Date: 2016-11-22 10:47 am (UTC)
moxie_man: (Squirrel Feather)
From: [personal profile] moxie_man
I've had this happen to me once in the past. Except it was in July at the Moxie Festival, Lisbon Falls, Maine, so little danger of hypothermia. I was participating in the parade as part of the The New England Moxie Congress contingent, members of which own various Moxie vehicles, including a reproduction Horsemobile. Our group was close to the middle of the line of parade participants. Just as we finished the 1.5 mile long parade route, a thunderstorm passed over the town. And not just any thunderstorm. This one had downpours like what I use to encounter storm chasing and "core punching" through a storm. The sort of storm where it's raining so hard, you turn off your useless windshield wipers. The sort of storm that makes you think, you're standing under a waterfall. It only last 15 minutes or so, but by the time it let up enough to be able to see more than 15 ft again, the parade and festival were over. There were no participants behind us, no watchers. All of the festival booths were empty. Said festival attracts close to 50,000 people each year.

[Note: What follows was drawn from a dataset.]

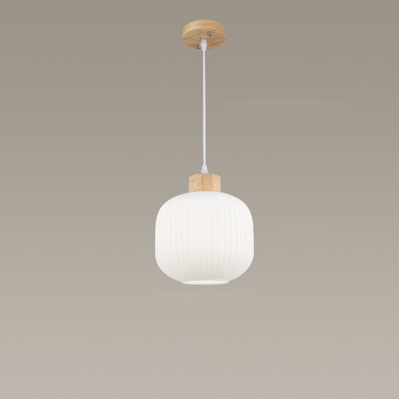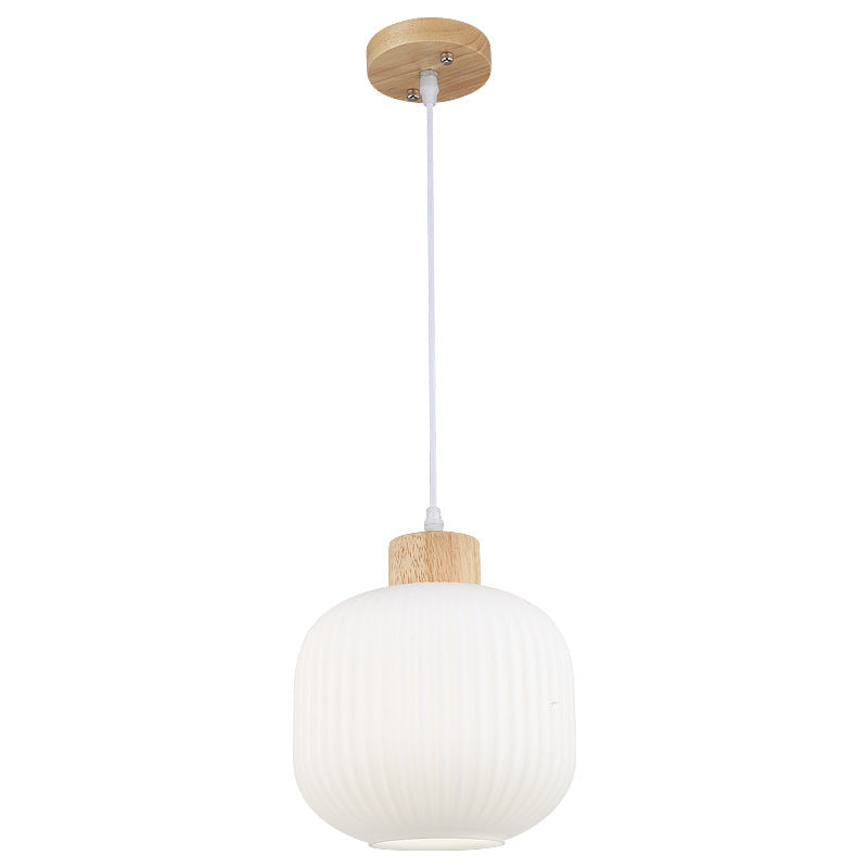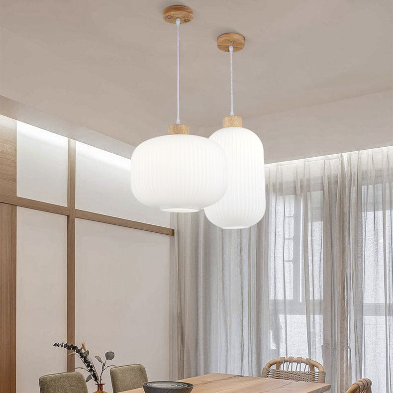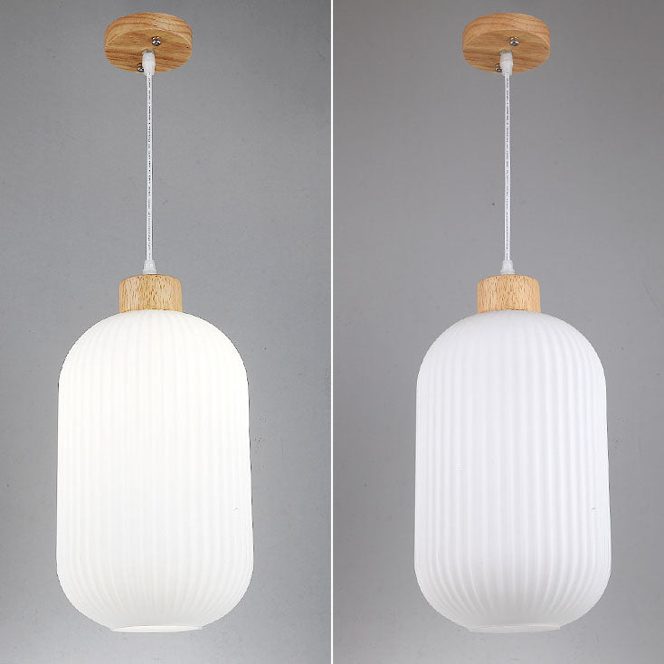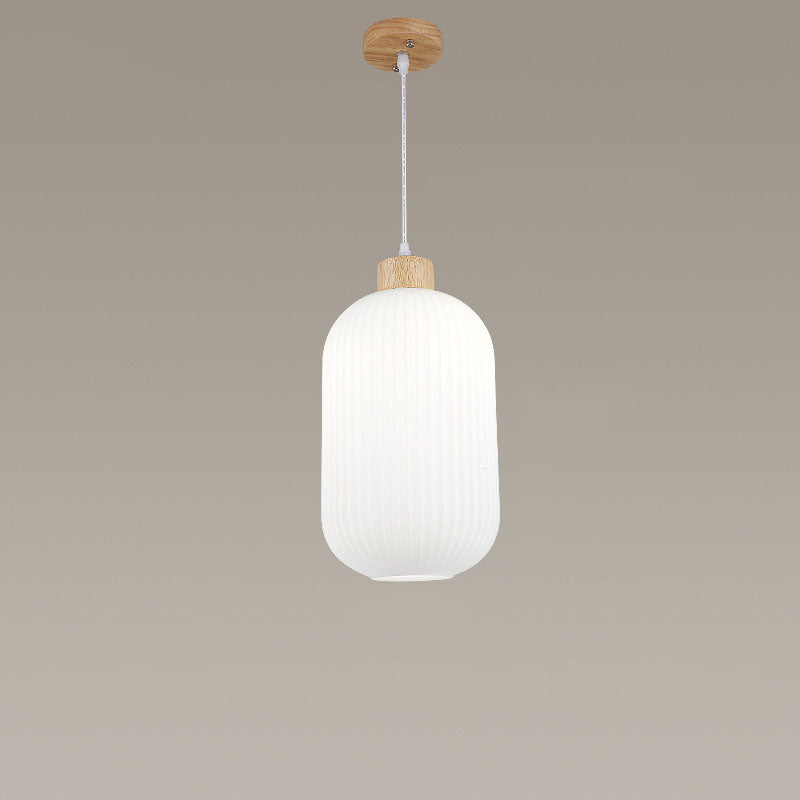 مصباح معلق ياباني بسيط مصنوع من الخشب الصلب ومزين بخطوط زجاجية بيضاوية الشكل ومصباح واحد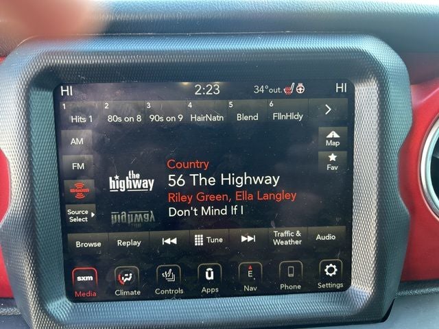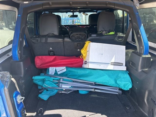 8.4 Radio & Premium Audio Group (1-Year SiriusXM Guardian Trial, 4G LTE Wi-Fi Hot Spot, 5-Year SiriusXM Traffic Service, 5-Year SiriusXM Travel Link Service, 8.4 Touchscreen Display, Alpine Premium Audio System, Auto-Dimming Rear-View Mirror, Emergency/Assistance Call, For Details, Visit DriveUconnect.com, GPS Navigation, HD Radio, Off-Road Info Pages, Radio: Uconnect 4C Nav w/8.4 Display, SiriusXM Traffic Plus, and SiriusXM Travel Link), Cold Weather Group (Heated Front Seats and Heated Steering Wheel), Quick Order Package 25R, Trailer Tow & HD Electrical Group (240 Amp Alternator, 7 & 4 Pin Wiring Harness, 700 Amp Maintenance Free Battery, Auxiliary Switches, and Class II Receiver Hitch), 4-Wheel Disc Brakes, 4.10 Rear Axle Ratio, 8 Speakers, ABS brakes, Air Conditioning, Alloy wheels, AM/FM radio: SiriusXM, Apple CarPlay/Android Auto, Automatic temperature control, Aux Battery, Black 3-Piece Hard Top, Brake assist, Compass, Delay-off headlights, Driver door bin, Driver vanity mirror, Dual front impact airbags, Dual front side impact airbags, Electronic Stability Control, Freedom Panel Storage Bag, Front anti-roll bar, Front Bucket Seats, Front Center Armrest w/Storage, Front dual zone A/C, Front fog lights, Front reading lights, Fully automatic headlights, Garage door transmitter, Heated door mirrors, Illuminated entry, Integrated roll-over protection, Leather steering wheel, Low tire pressure warning, MOPAR All-Weather Floor Mats (DISC), MOPAR Hardtop Headliner, No Soft Top, Non-Lock Fuel Cap w/o Discriminator, Occupant sensing airbag, Outside temperature display, Panic alarm, ParkView Rear Back-Up Camera, Passenger door bin, Passenger vanity mirror, Performance Suspension, Power door mirrors, Power steering, Power windows, Premium Cloth Low-Back Bucket Seats, Radio data system, Radio: Uconnect 4 w/7 Display, Rear anti-roll bar, Rear reading lights, Rear Window Defroster, Rear Window Wiper/Washer, Remote keyless entry, Remote Proximity Keyless Entry, Remote Start System, Security system, Speed control, Split folding rear seat, Steering wheel mounted audio controls, Stop-Start Dual Battery System, Tachometer, Telescoping steering wheel, Tilt steering wheel, Traction control, Trip computer, Variably intermittent wipers, Voltmeter, and Wheels: 17 x 7.5 Machined w/Black PocketS.

As I walked back to my car, several blocks away, I could feel the water squishing in my shoes. And I laughed. What else could one do? When I got to my car, I took my shoes off and dumped-them out, just like in a cartoon, and laughed some more.

(no subject)

Date: 2016-11-22 06:44 pm (UTC)
ext_392293: Portrait of BunnyHugger. (grayscale)
From: [identity profile] bunny-hugger.livejournal.com
I did the exact same thing with my shoes!

(no subject)

Date: 2016-11-25 10:38 pm (UTC)
From: [identity profile] austin-dern.livejournal.com
My boots were still damp two days later!

(no subject)

Date: 2016-11-25 10:30 pm (UTC)
From: [identity profile] austin-dern.livejournal.com
Yes, this is precisely the kind of storm we got and it was staggering. And magnificent. ... And no danger of hypothermia here, since the weather was uncannily warm. It was about 70 degrees when the parade started and even afterwards it only dropped to about 60. [livejournal.com profile] bunny_hugger was worried she'd worn too much. I figured it would get chillier the later we got after sunset, but not like that.

And yes, we did a lot of laughing. Many people did. There's nothing else to do when it gets that brilliantly soaked.